Do you [Jack] remember your first trip to B’ham? It must have been winter quarter 1972-73. I remember that you and Milo made the trip and arrived after dark. I think that was that the first time you met Phil and Jerry. Our years on Humboldt and Iron Streets were full of stooges moments. I will put them together over the next few weeks. [to be continued]

An amusing (and shocking story from The Phil Zone) [another story from Jack Brummet]

I do remember one incredible and improbable story about Phil. Incredible, because, well, you'll see. Improbable because Phil was one of the smartest people I've known.

Kevin, Jerry, and Phil were sitting around their house on Humboldt Street one day, doing what we usually did (because it was cheap): talking. Eventually the talk somehow turned to amputations. I think they were talking about digital a/k/a finger amputations. Phil looked at them and said: "I know it hurt, but it will grow back, you know."

He was dead serious. When they finally realized he was serious, they, of course, howled and pounded the floor in mirth.

Sometime early in life, one of Phil's parents had told him that if you lost a finger or toe, it would grow back. And in the interim years, he had never seen or heard anything to ever make him think twice about that. Until that night in Bellingham.

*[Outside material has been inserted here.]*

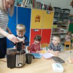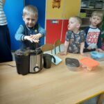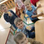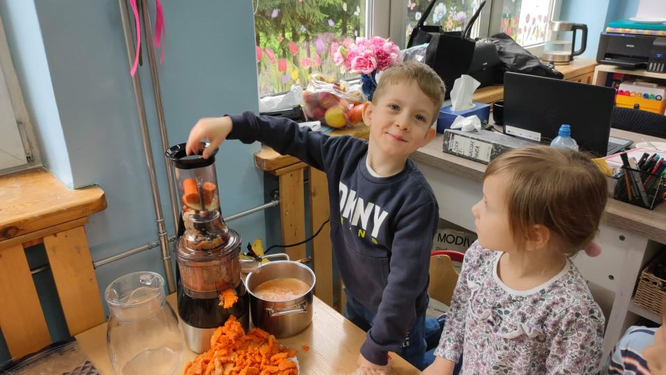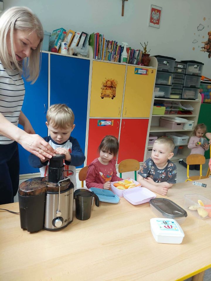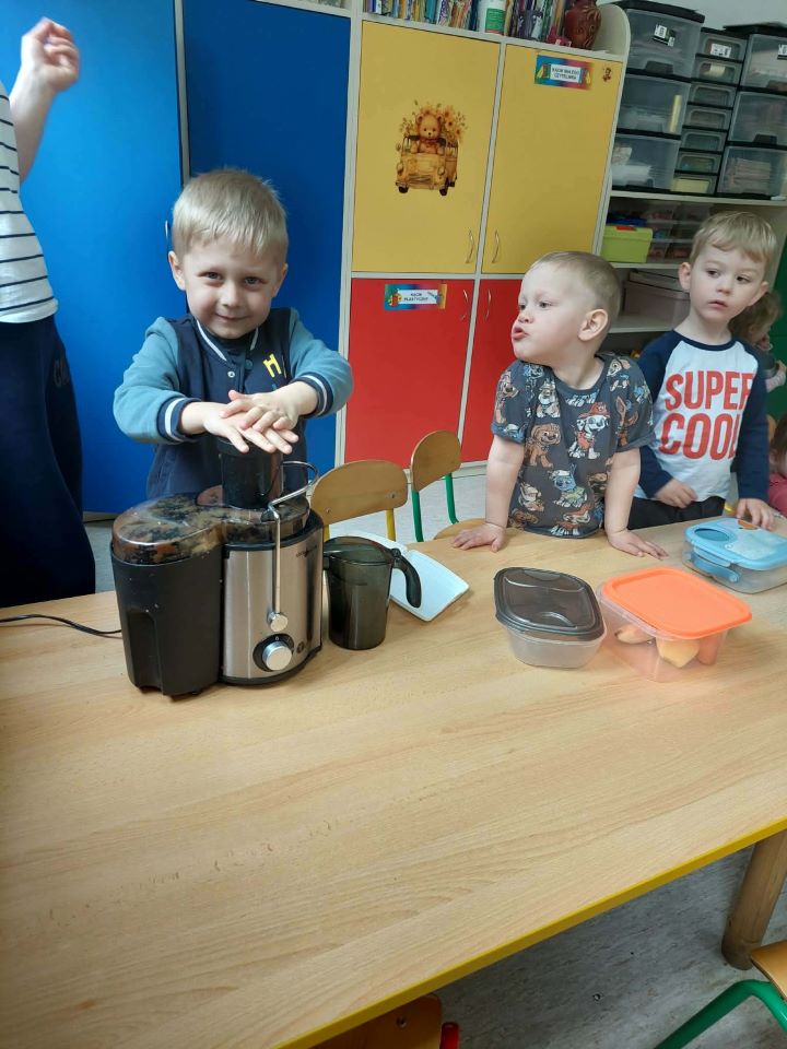 W naszym przedszkolu zrobiło się ostatnio bardzo kolorowo i zdrowo! Wszystko za sprawą zajęć, podczas których dzieci przygotowywały pełne witamin posiłki i napoje. Dzieci z grupy „Smerfy” przygotowały zdrowe śniadanie. Z zaangażowaniem komponowały swoje posiłki, ucząc się przy tym zasad zdrowego odżywiania. Następnie wspólnie z „Misiami” przygotowały świeżo wyciskany sok z marchewki oraz różnych owoców. Sam proces wyciskania soku wzbudził wiele emocji i radości, a efekt końcowy zachwycił wszystkich swoim smakiem. Mali kucharze przekonali się, że zdrowe napoje mogą być nie tylko wartościowe, ale również bardzo smaczne. Zajęcia tego typu są doskonałą okazją do nauki poprzez zabawę. Dzieci rozwijają samodzielność, uczą się współpracy oraz poznają znaczenie zdrowych wyborów żywieniowych w codziennym życiu. To był dzień pełen uśmiechu, dobrej energii i… witamin! Oprac. M. Walczak
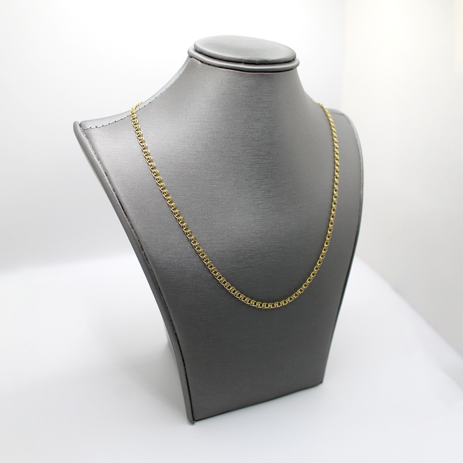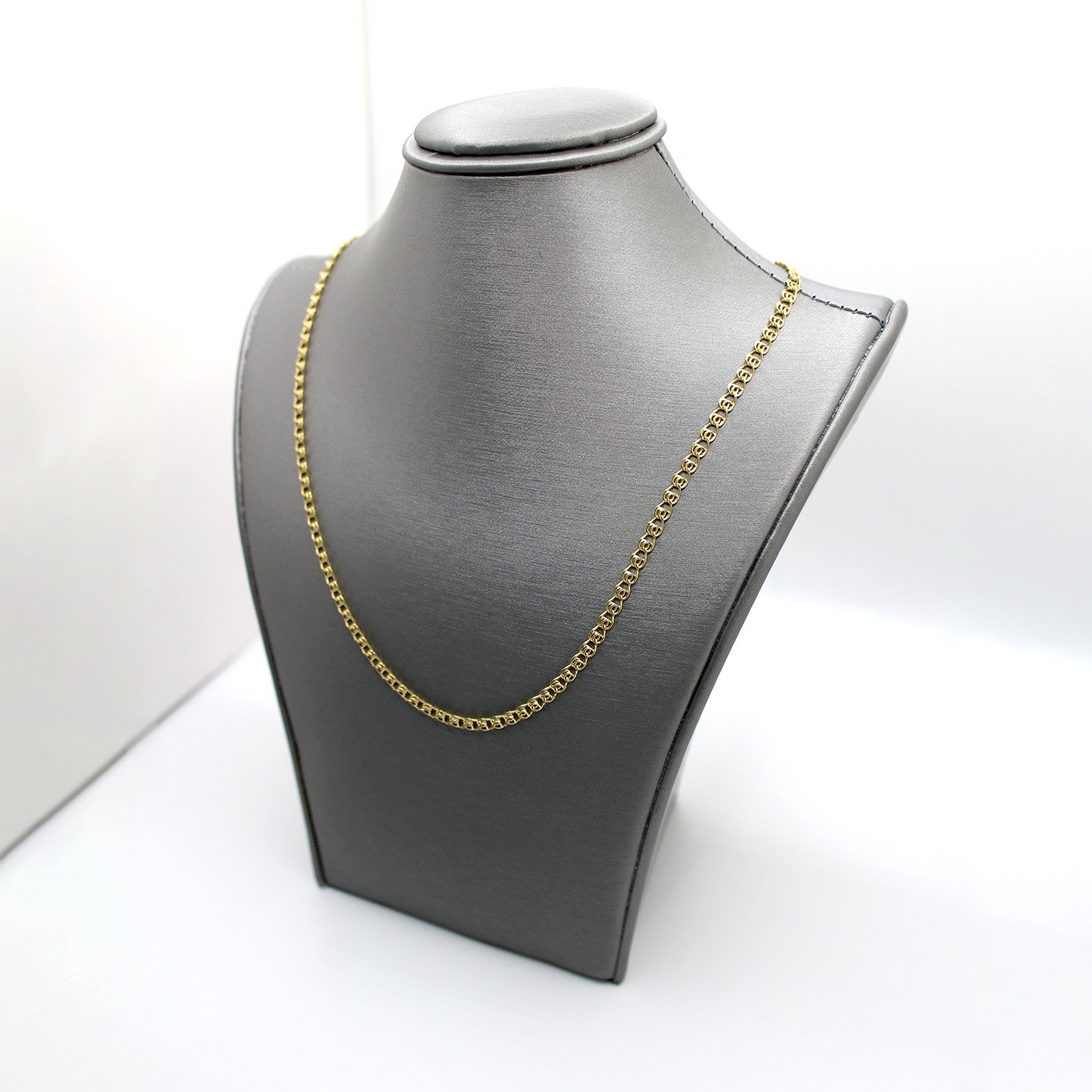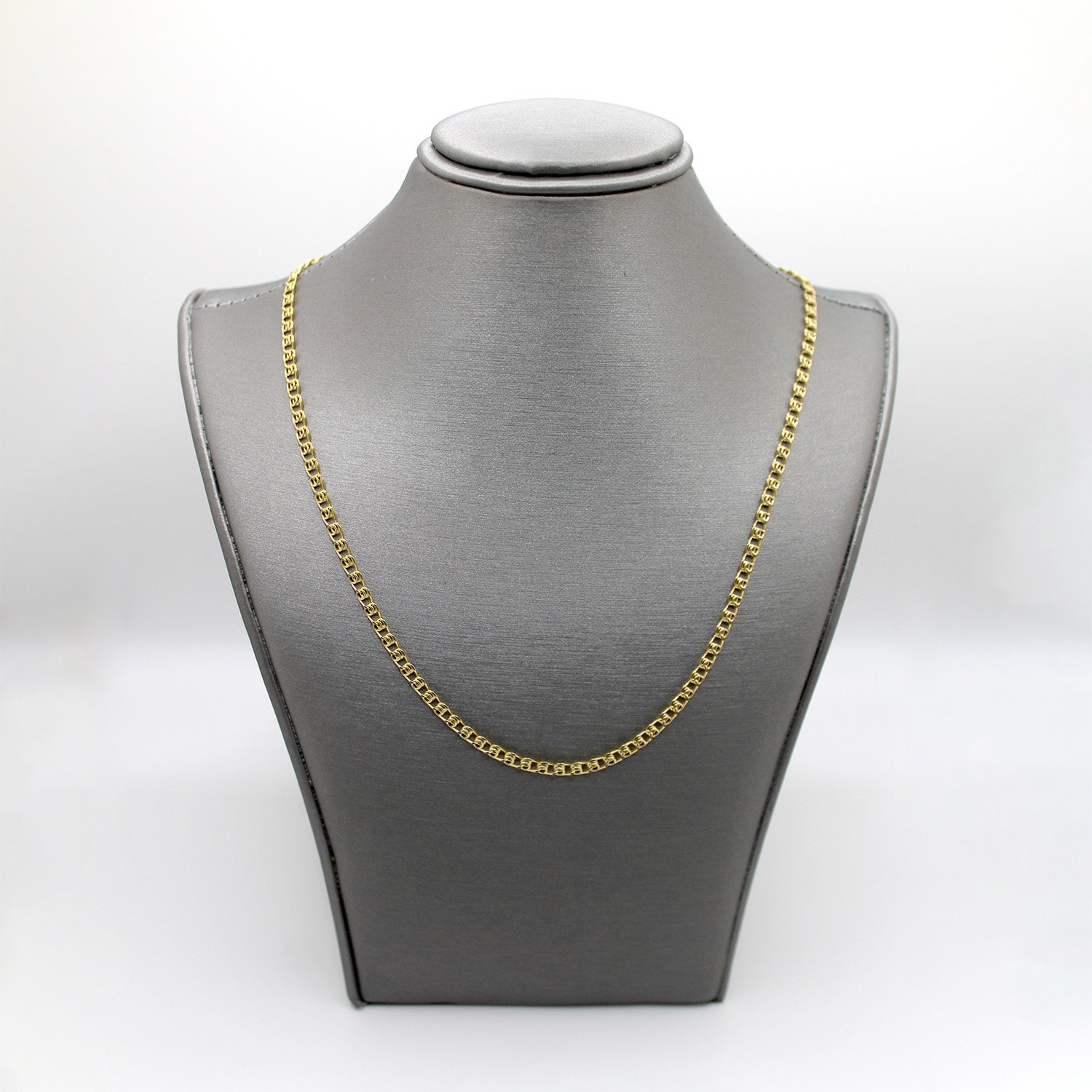 A classic 14KT yellow gold chain necklace featuring flat, rectangular links with a bright, polished finish.

It was the most endearing thing he ever said.

I know this is hard to believe, but Phil confirmed the story to me not long after it happened. And I loved him all the more because of it.
---o0o---

2 comments:

Anonymous said...

Jack, I have to pipe up here. I was the one who believed in the grow back. Boy did Phil howl when he realized that I wasn't pulling his leg on that one. The exchange went something like this "Yeah, this guy lost some fingers but isn't weird that tongues grow back". Phil had a great laugh as you mention elsewhere and it usually included a runup chortling hoo hoo hoos to the real guffaw and boy did this make him roar.

Let me explain, as a boy I had the habit of biting down on my folded tongue whenever I got angry. While boxing with my younger brother, my father discouraged me from this habit saying that I could bite my tongue off if I got hit on the chin. I asked "Really?". My father said "Yep, it happened to me". I said "let me see" and then "Oh, it grew back, tongues grow back".

Keekee Brummet said...

Dang! I must have heard about it from Phil and mixed it up over the years. It's still a great story, anyhow.